Please write the listing below out again exactly, leaving every picture behind.

▶ _DATA EXTRACT_
★ ★ ★ ★ ★
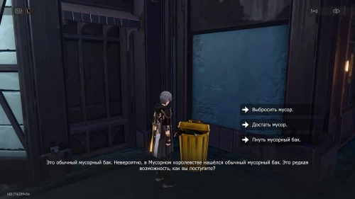 Подойдите к мусорным контейнерам, стоящим возле дальней стены, и взаимодействуйте с искоркой на них. Вы освободите Мусорского, который захочет вас убить. Можете ответить ему что угодно, так как он в любом случае уйдет. Затем пообщайтесь с баками-зеваками, чтобы получить от них доказательство.
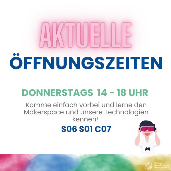 Für ein erstes Kennenlernen unserer Räumlichkeiten und Angebote und die eigenständige Umsetzung gibt es montags von 10:00-18:00 Uhr freie Öffnungszeiten. Hier können alle Interessierten ohne Voranmeldung vorbeikommen. Um unsere Geräte nutzen zu können, muss nur die allgemeine Sicherheitsunterweisung erfolgt sein. Unser Team steht zur Unterstützung gerne zur Verfügung.
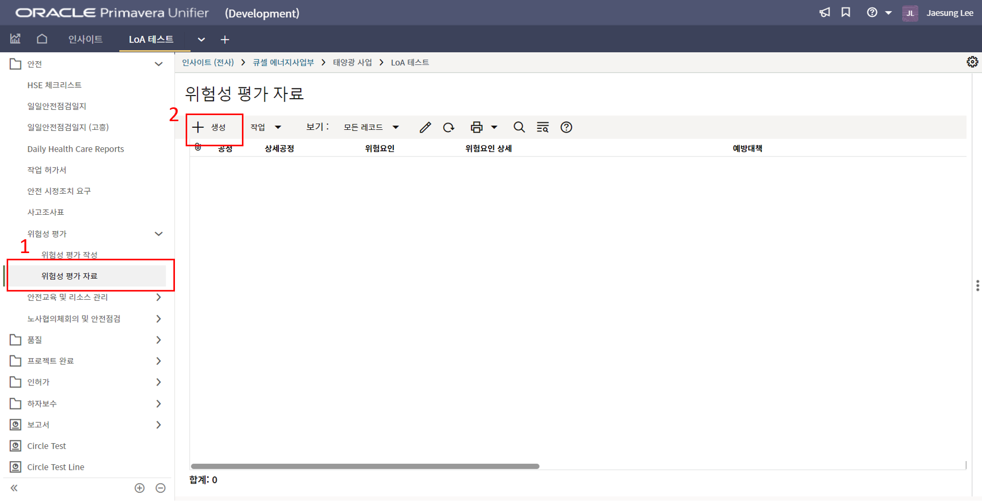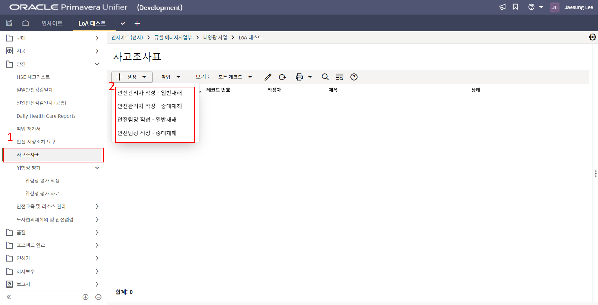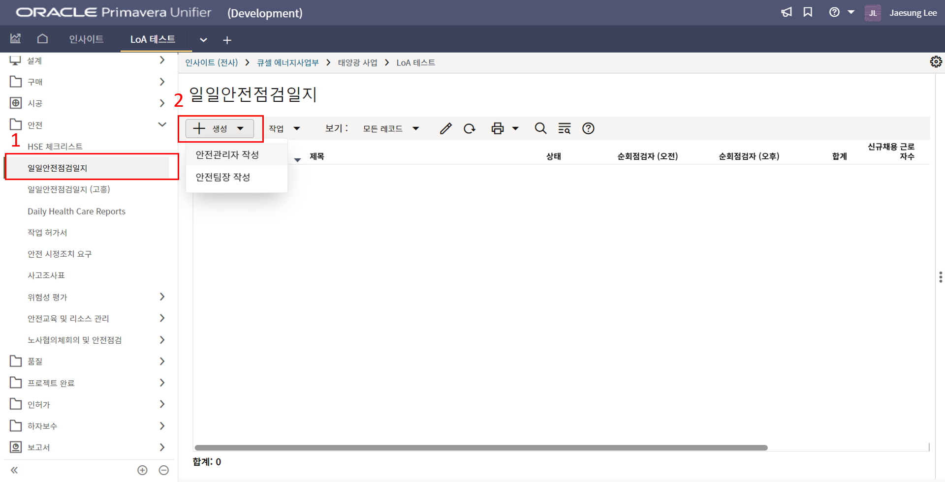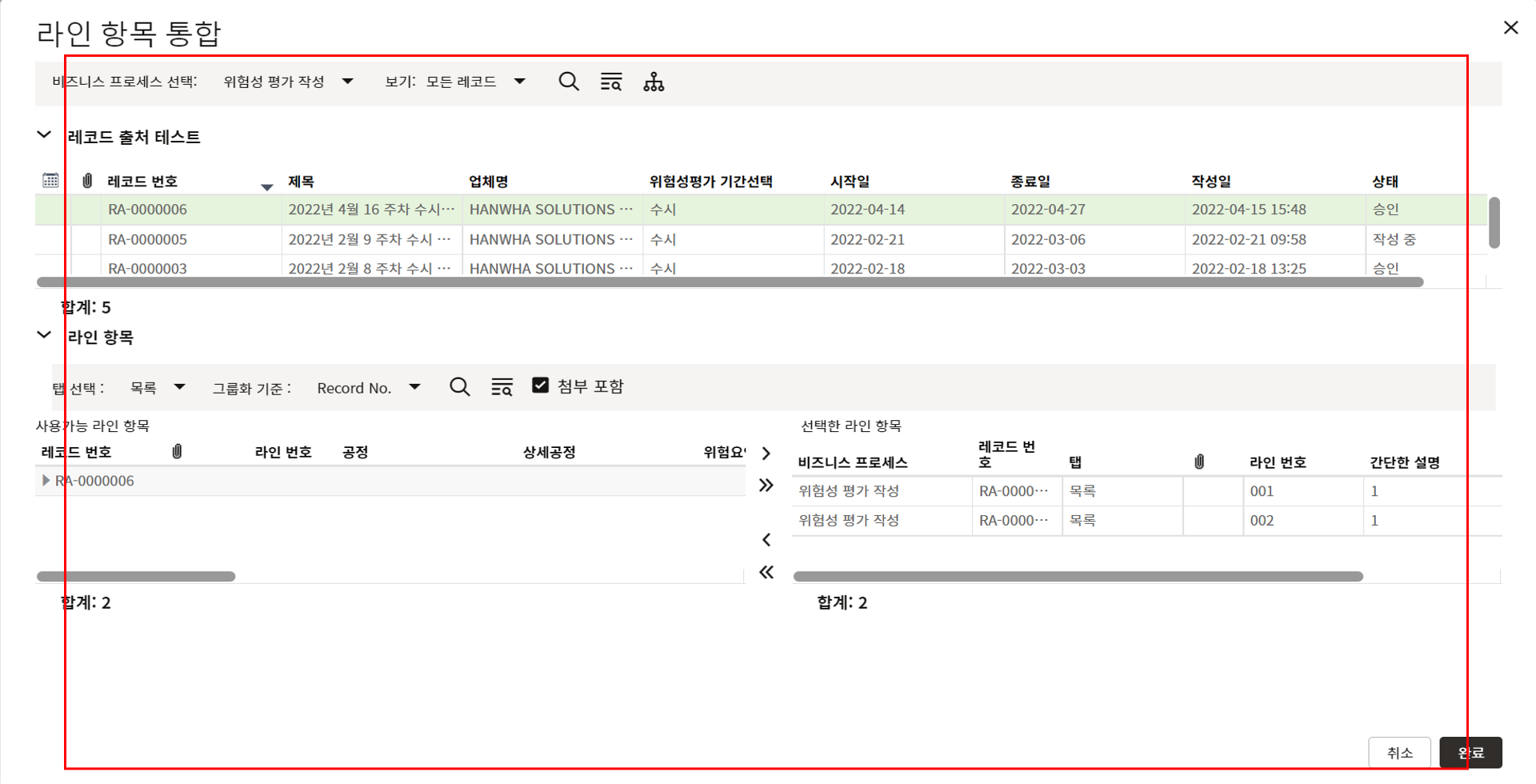 3. 상위 양식을 채운 후 한화솔루션 안전 팀장 검토를 위해 전송합니다.
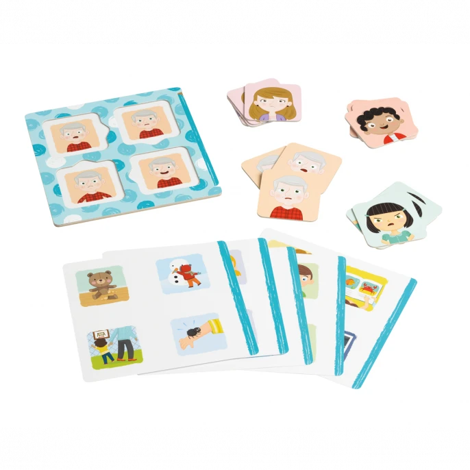 Loto des émotions est conçu pour aider les enfants de 1½ an à 4 ans à reconnaitre et à nommer des émotions. Il leur apprend aussi que tout le monde vit des émotions, que celles-ci ont différentes causes et qu’une même situation peut générer plusieurs émotions.
★ ★ ★ ★ ★
▶ _PROBLEM SOLUTION_
 Подойдите к мусорным контейнерам, стоящим возле дальней стены, и взаимодействуйте с искоркой на них. Вы освободите Мусорского, который захочет вас убить. Можете ответить ему что угодно, так как он в любом случае уйдет. Затем пообщайтесь с баками-зеваками, чтобы получить от них доказательство.
 Für ein erstes Kennenlernen unserer Räumlichkeiten und Angebote und die eigenständige Umsetzung gibt es montags von 10:00-18:00 Uhr freie Öffnungszeiten. Hier können alle Interessierten ohne Voranmeldung vorbeikommen. Um unsere Geräte nutzen zu können, muss nur die allgemeine Sicherheitsunterweisung erfolgt sein. Unser Team steht zur Unterstützung gerne zur Verfügung.
 3. 상위 양식을 채운 후 한화솔루션 안전 팀장 검토를 위해 전송합니다.
 Loto des émotions est conçu pour aider les enfants de 1½ an à 4 ans à reconnaitre et à nommer des émotions. Il leur apprend aussi que tout le monde vit des émotions, que celles-ci ont différentes causes et qu’une même situation peut générer plusieurs émotions.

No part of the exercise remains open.